Zaphod137 has asked for the wisdom of the Perl Monks concerning the following question:

I'm in need of some Word OLE mojo.
What I'm trying to do: Search through a large Word document, find a specific table(s), copy that table into an Excel file and name the Excel file appropriately.
What I can do so far: Find the appropriate table, copy, paste it into Excel.
What I need to know how to do: The name I'll assign to the Excel file depends on the line preceding the table I copied in Word. ie:

Table Name1 blah blah blah
----------------------------
| Cell11 | Cell12 | Cell13 |
| Cell21 | Cell22 | Cell23 |
| Cell31 | Cell32 | Cell33 |
----------------------------

I copy the full table into excel, and then want to extract the string "Name1" just before it so I can name my new excel file "Name1.xls".

How do I select the line just before the table I'm focused on with Perl?

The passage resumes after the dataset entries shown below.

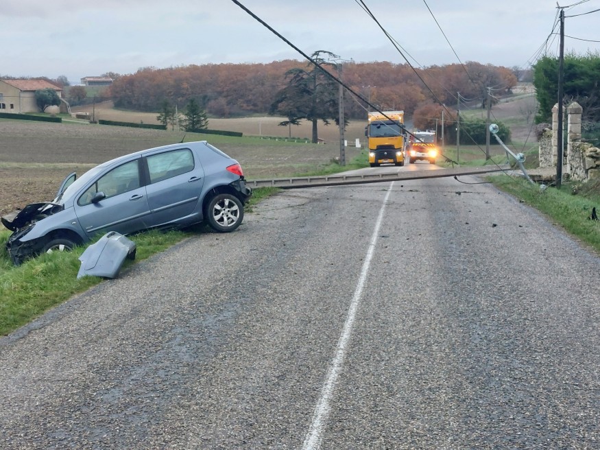 Le véhicule a percuté un poteau téléphonique, privant une vingtaine de foyers d'électricité ce matin à Lectoure. Enedis espère un retour à la normale d'ici la fin de journée.
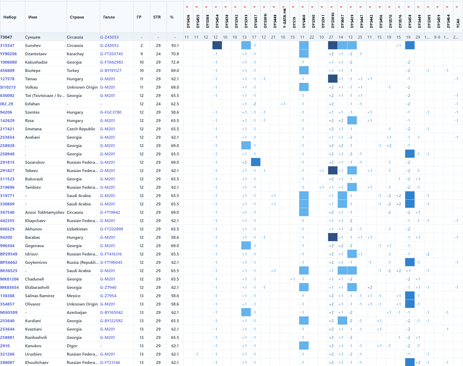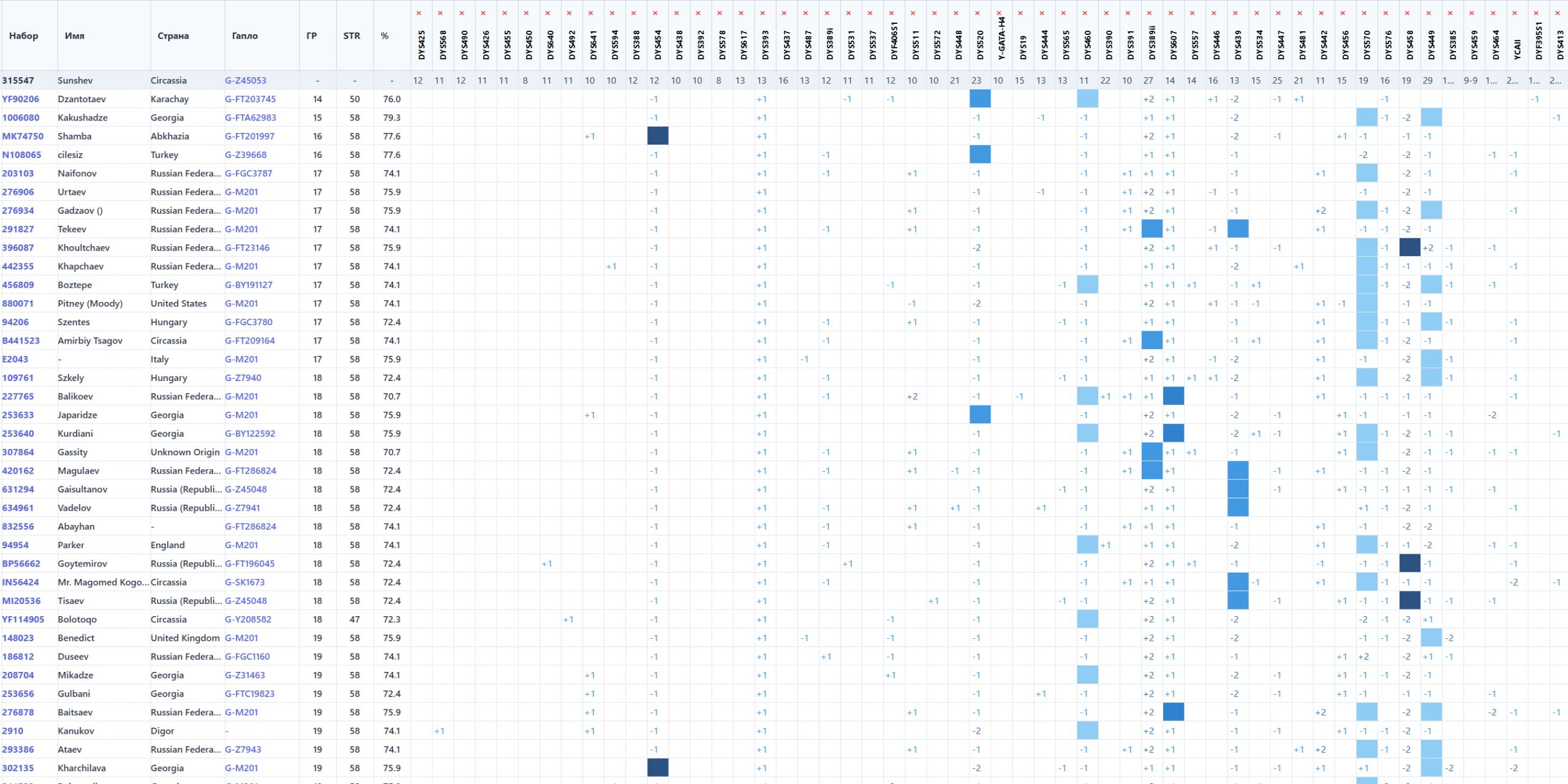 У Суншевых из Алтуда и Урвани совпадающий результат. Гаплогруппа G2a1. G2a1 самая распространенная на Центральном Кавказе. Встречается у многих Кавказских народов. Чаще всего G2a1 называют наследниками Кобанской культуры.
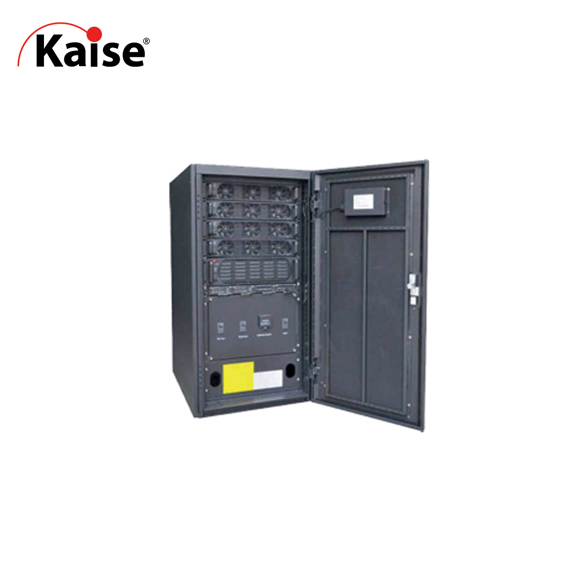 UPS KAISE modular 100KVA, estructura (frame) con entrada principal, salida de bypass y breaker de bypass manual, pantalla LCD, control de unidad.

Hopefully this makes sense. Thanks!

Replies are listed 'Best First'.
Re: Word tables, OLE, perl, and me.
by CountZero (Bishop) on Feb 02, 2009 at 22:15 UTC
    If I remember well (from my Visual Basic (for Applications) days, long long ago), there were some functions in the Word API to move a cursor on a character, word, line, paragraph, ... basis. Of course I cannot remember which function it was (the memory is the first thing to go :-( ), but I think you have to look in that direction. Probably something like "Move" or "MoveUp" with a smattering of parameters and constants to indicate how far you want to move. Try the help function in the Word VB editor.

    CountZero

    A program should be light and agile, its subroutines connected like a string of pearls. The spirit and intent of the program should be retained throughout. There should be neither too little or too much, neither needless loops nor useless variables, neither lack of structure nor overwhelming rigidity." - The Tao of Programming, 4.1 - Geoffrey James

Re: Word tables, OLE, perl, and me.
by Zaphod137 (Novice) on Feb 02, 2009 at 22:51 UTC
    I have come across "MoveUp" and attempted to use it. This seems promising, but I think I'm not understanding the syntax or context I need to use it. My example:
    my $word = CreateObject Win32::OLE 'Word.Application' or die $!; $word->{Visible} = 1; my $document = $word->Documents->Open('C:/temp/doctest.doc'); my $table = $word->ActiveDocument->Tables(2); my $selection = $table->Select; $selection->MoveUp(wdLine,1); my $str = $selection->Range(0,10)->{Text}; $table->Range->Copy; print qq{$str\n};
    This gives me an error with MoveUp "Can't call method "MoveUp" on an undefined value at ..."
    wdLine is supposed to be a known Unit as far as I know...
      It looks as if $selection did not get set. Are you sure $selection = $table->Select returns a "selection" object on which you can call the MoveUp(wdLine,1) method?

      CountZero

      A program should be light and agile, its subroutines connected like a string of pearls. The spirit and intent of the program should be retained throughout. There should be neither too little or too much, neither needless loops nor useless variables, neither lack of structure nor overwhelming rigidity." - The Tao of Programming, 4.1 - Geoffrey James

        To get the selection you do the following:
        $table->Select; my $selection = $word->ActiveWindow->Selection;

        - John
Re: Word tables, OLE, perl, and me.
by binf-jw (Monk) on Feb 03, 2009 at 09:42 UTC
    Update: Just read the whole post.. And I had this problem as well. ( See bottom: )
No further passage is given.